══ Records provided
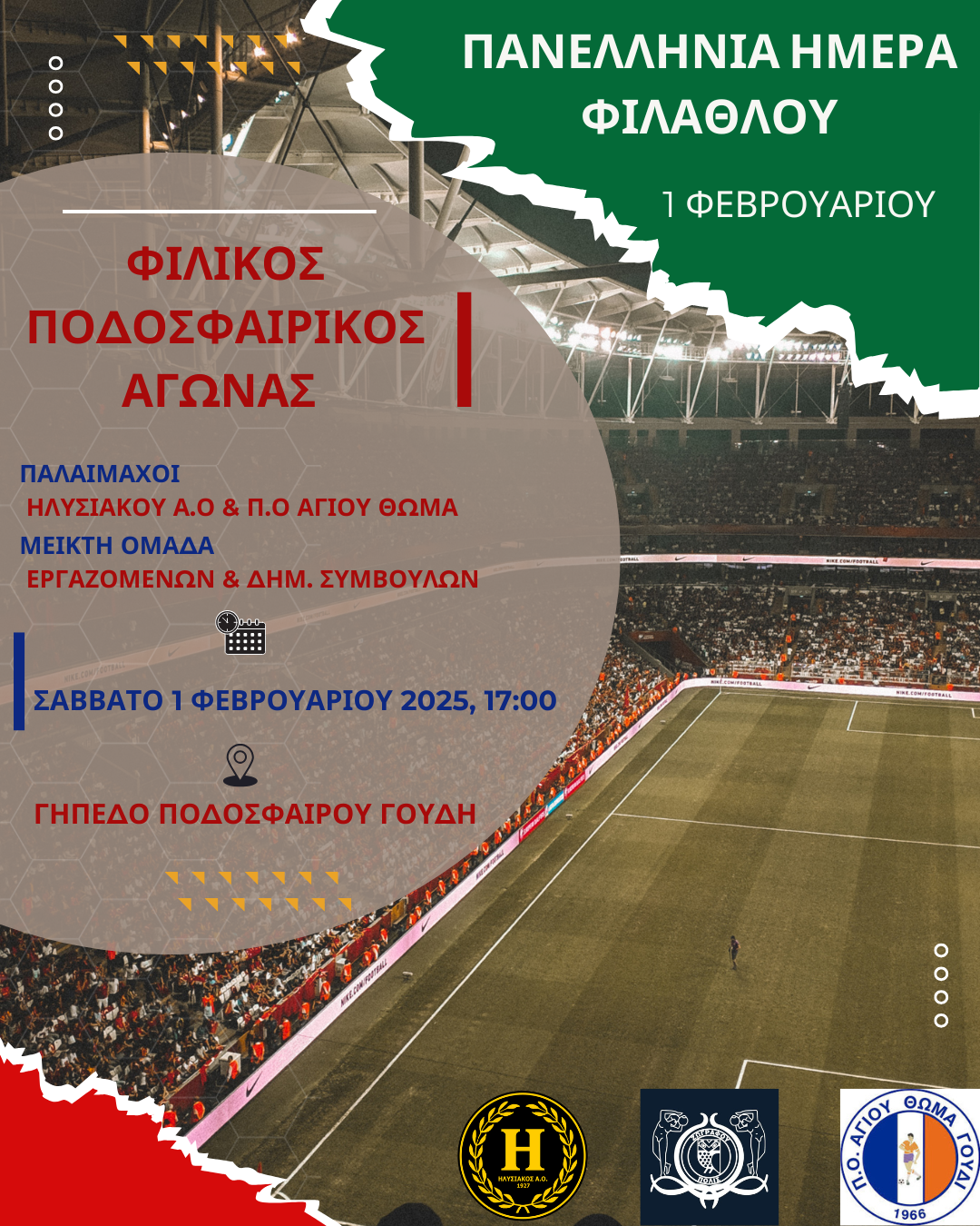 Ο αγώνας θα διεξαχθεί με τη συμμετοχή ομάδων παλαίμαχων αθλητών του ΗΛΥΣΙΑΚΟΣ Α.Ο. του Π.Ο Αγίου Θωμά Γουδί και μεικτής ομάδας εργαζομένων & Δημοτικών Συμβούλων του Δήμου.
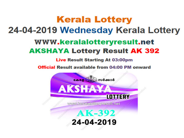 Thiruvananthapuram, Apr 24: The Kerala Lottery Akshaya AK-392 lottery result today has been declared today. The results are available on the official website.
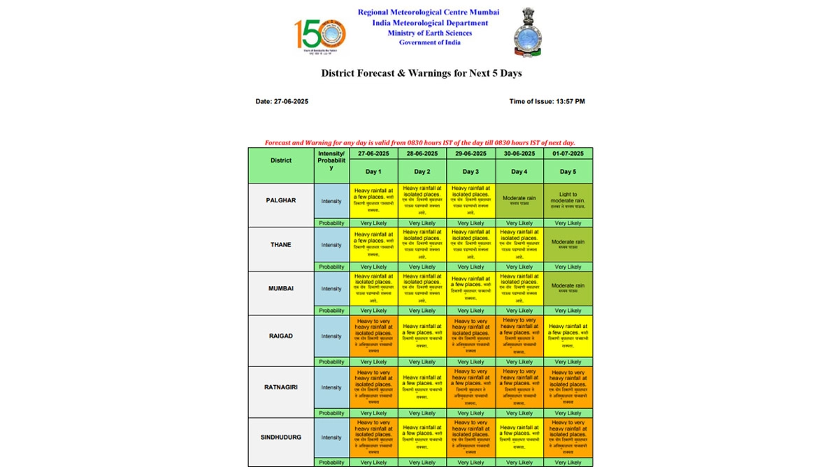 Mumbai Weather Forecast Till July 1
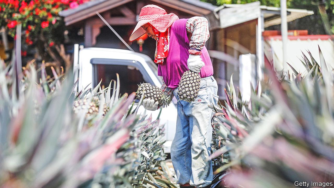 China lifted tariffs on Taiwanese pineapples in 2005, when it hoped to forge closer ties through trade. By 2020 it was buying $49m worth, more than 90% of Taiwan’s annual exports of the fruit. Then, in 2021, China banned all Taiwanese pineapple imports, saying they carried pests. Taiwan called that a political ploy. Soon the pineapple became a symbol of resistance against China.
════
══ Records provided
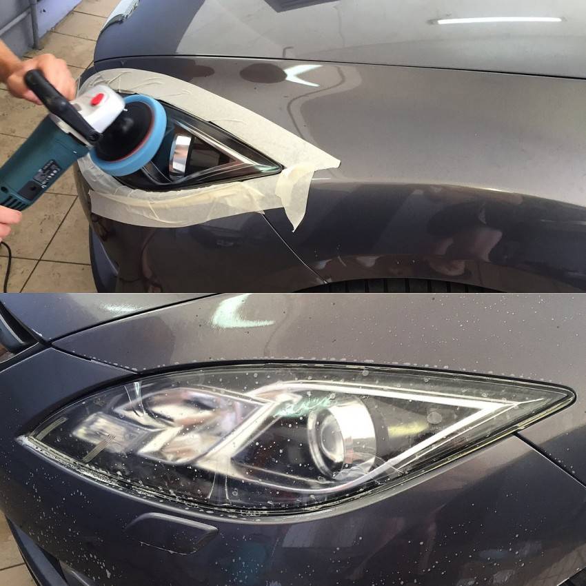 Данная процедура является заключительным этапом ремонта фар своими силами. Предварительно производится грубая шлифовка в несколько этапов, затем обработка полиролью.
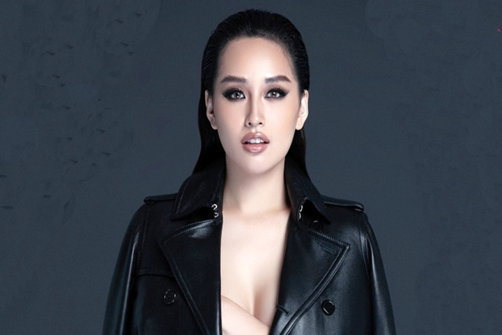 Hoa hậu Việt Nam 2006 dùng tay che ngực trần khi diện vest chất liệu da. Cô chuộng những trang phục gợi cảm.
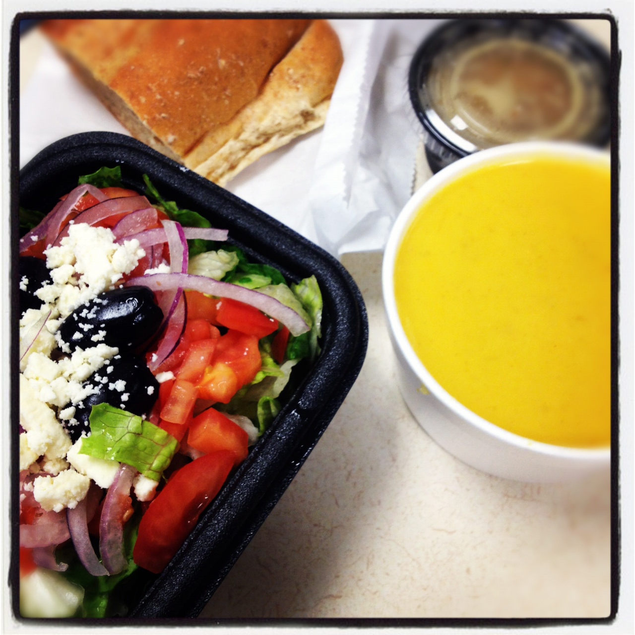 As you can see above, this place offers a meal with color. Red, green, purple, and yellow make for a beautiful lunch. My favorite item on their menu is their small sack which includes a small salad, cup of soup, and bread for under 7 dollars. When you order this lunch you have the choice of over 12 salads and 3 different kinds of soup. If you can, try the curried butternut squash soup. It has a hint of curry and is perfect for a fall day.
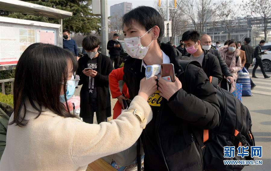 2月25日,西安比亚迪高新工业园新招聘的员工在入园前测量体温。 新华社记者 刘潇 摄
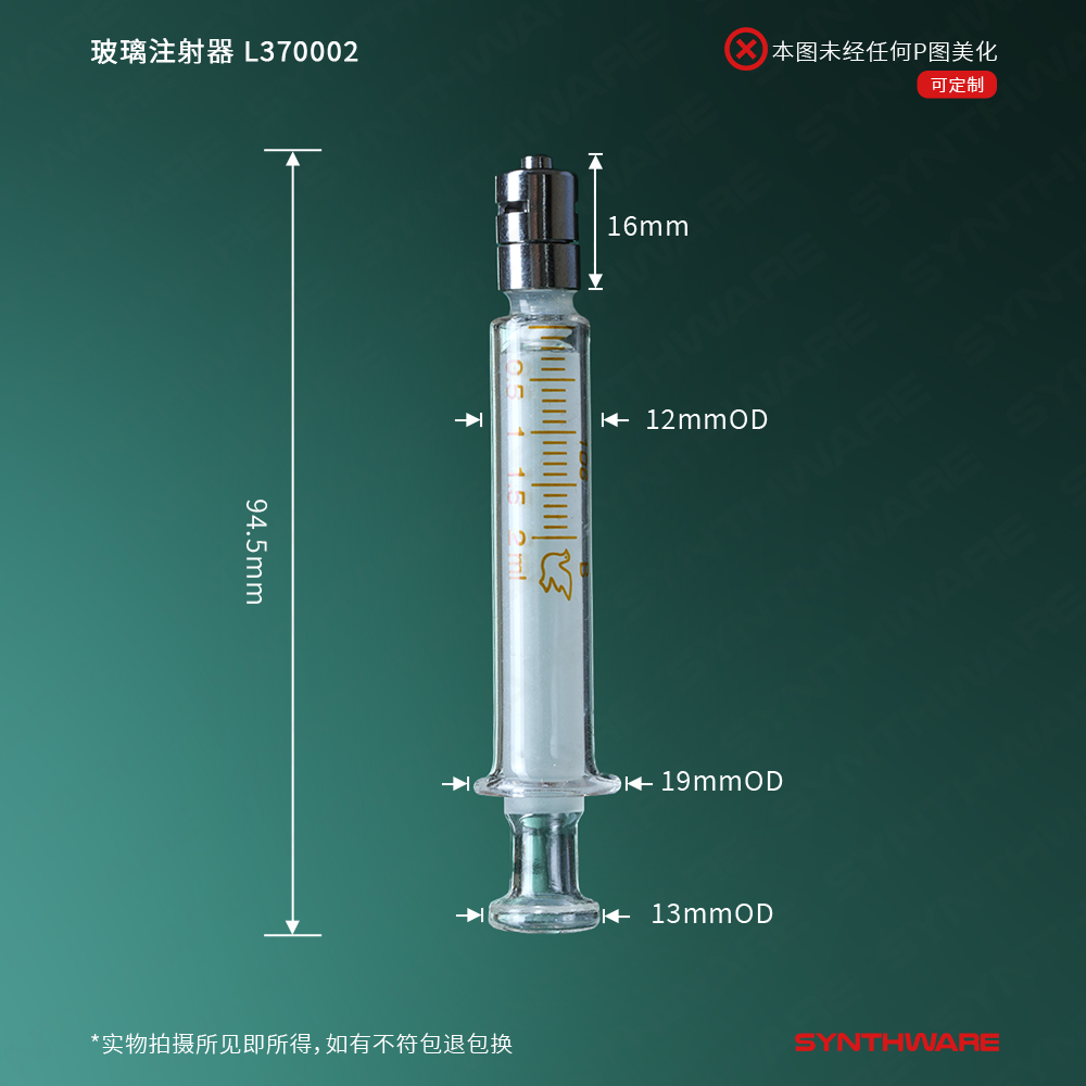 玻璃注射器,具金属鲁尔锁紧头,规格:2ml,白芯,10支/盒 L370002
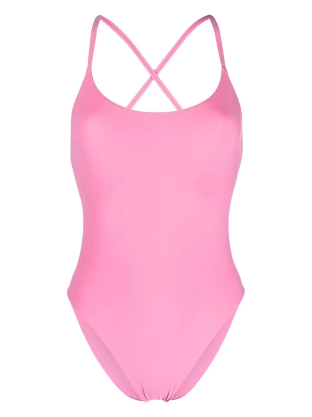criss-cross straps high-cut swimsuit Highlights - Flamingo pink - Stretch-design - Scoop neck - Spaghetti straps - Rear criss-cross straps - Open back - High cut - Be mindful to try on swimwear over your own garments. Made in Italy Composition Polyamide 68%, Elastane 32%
════
══ Records provided
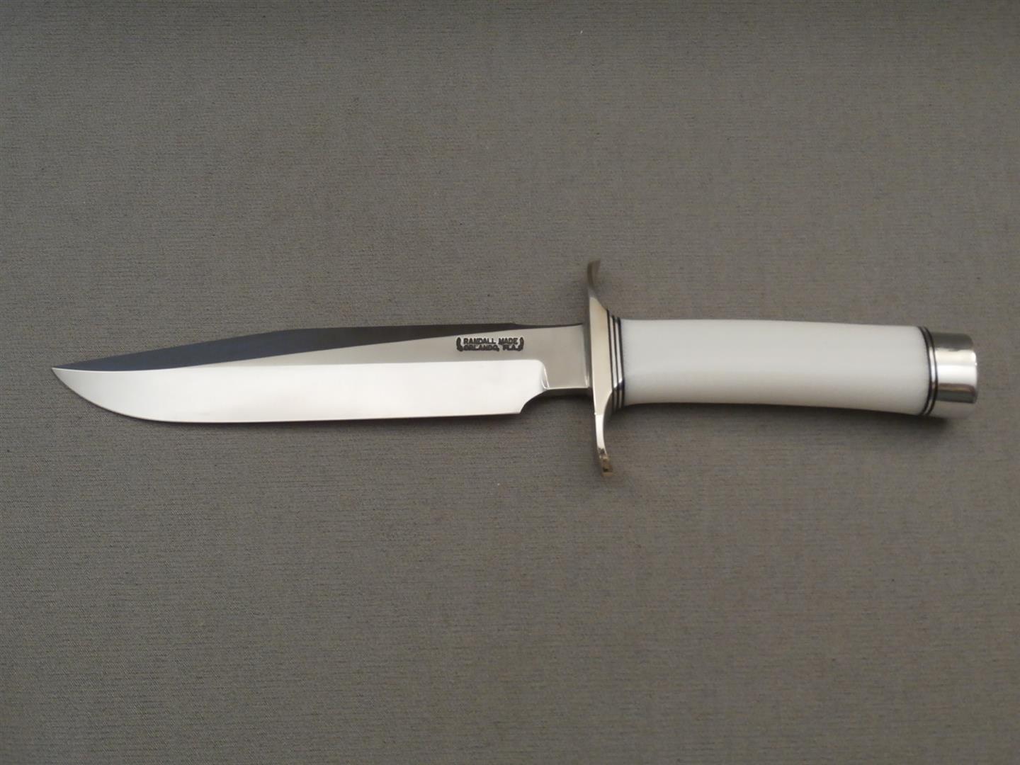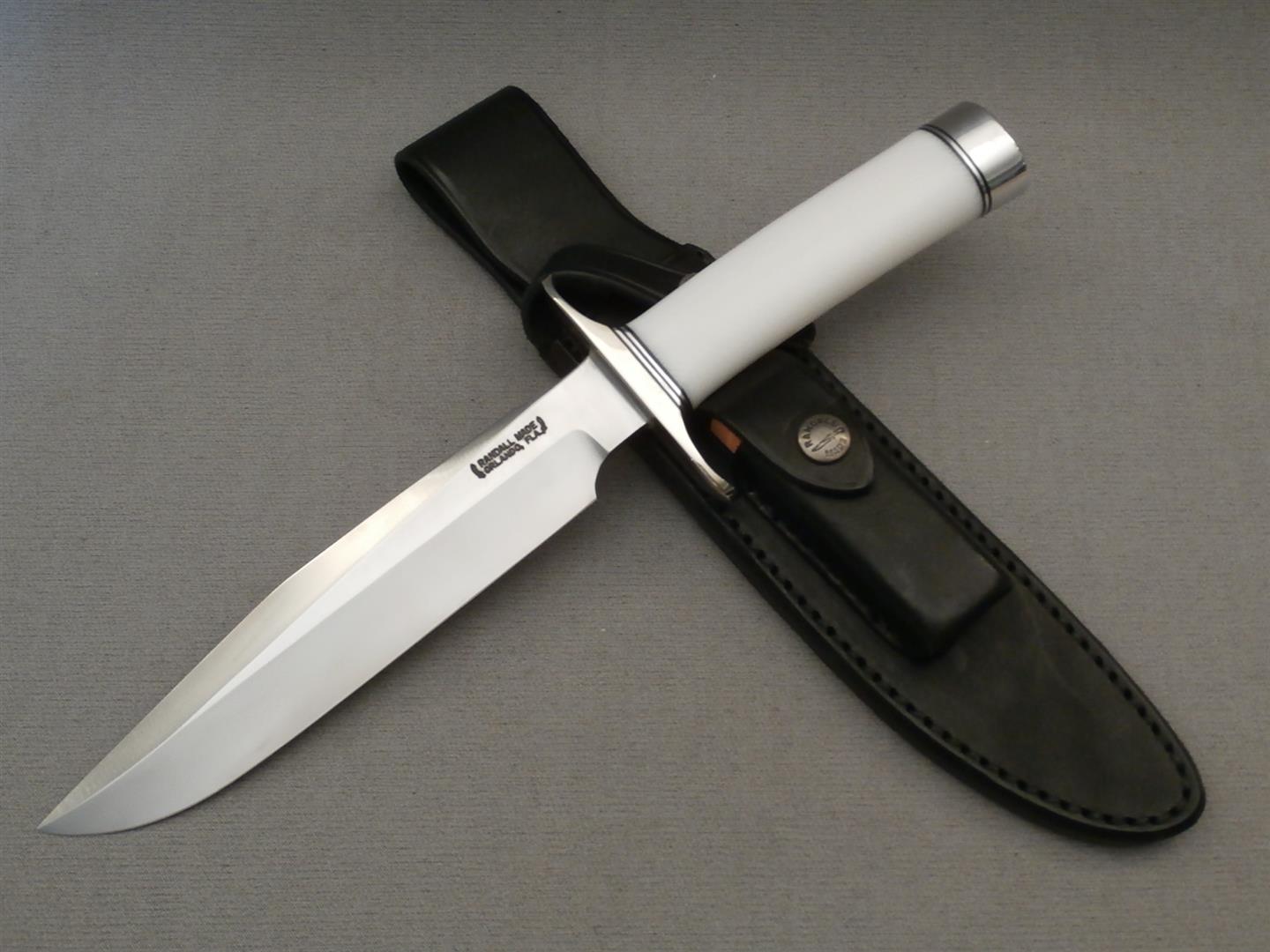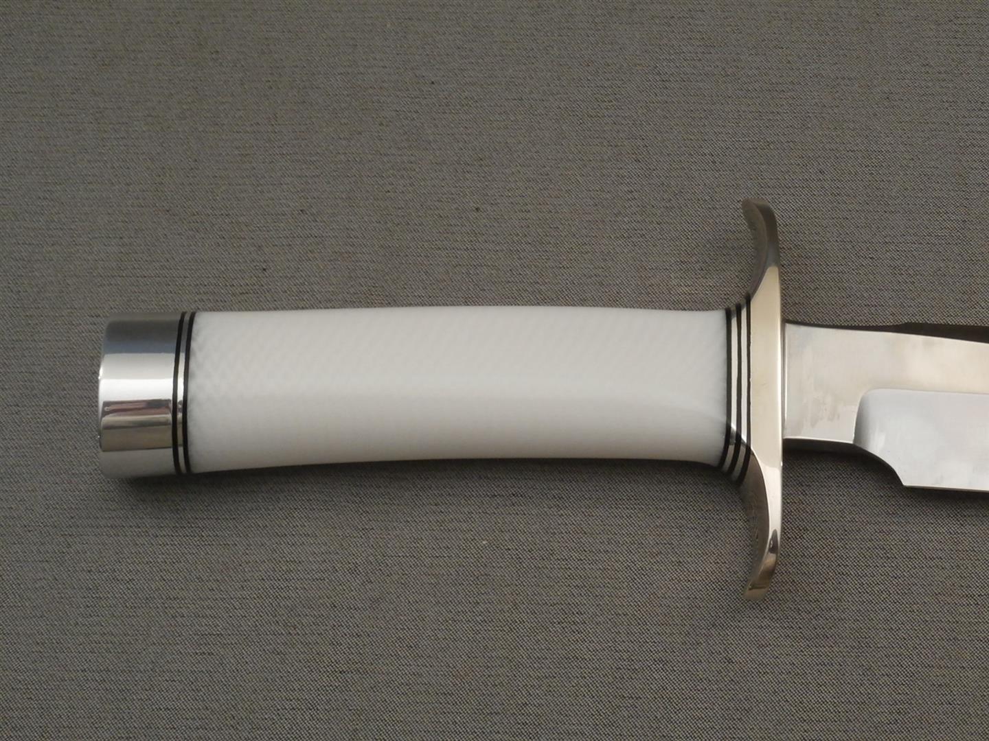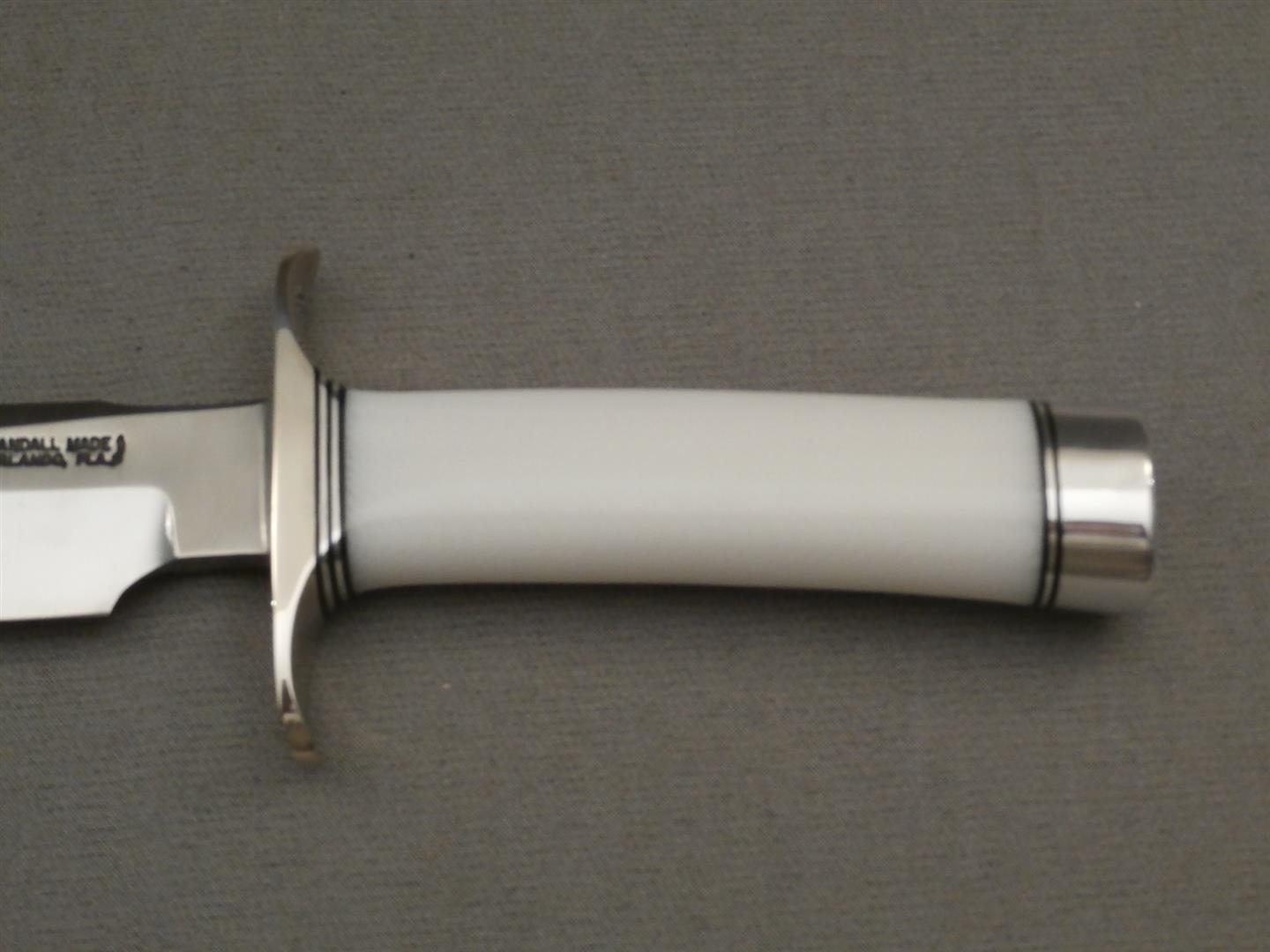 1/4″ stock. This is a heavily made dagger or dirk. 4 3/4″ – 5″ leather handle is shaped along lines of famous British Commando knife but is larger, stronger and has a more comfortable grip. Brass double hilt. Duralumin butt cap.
════
Required work — Copy out exactly the material that runs from the line with "Ο αγώνας θα" to the line with "Mumbai Weather Forecast Till July 1", ends included, and leave the pictures behind.

Exercise result —
 Ο αγώνας θα διεξαχθεί με τη συμμετοχή ομάδων παλαίμαχων αθλητών του ΗΛΥΣΙΑΚΟΣ Α.Ο. του Π.Ο Αγίου Θωμά Γουδί και μεικτής ομάδας εργαζομένων & Δημοτικών Συμβούλων του Δήμου.
 Thiruvananthapuram, Apr 24: The Kerala Lottery Akshaya AK-392 lottery result today has been declared today. The results are available on the official website.
 Mumbai Weather Forecast Till July 1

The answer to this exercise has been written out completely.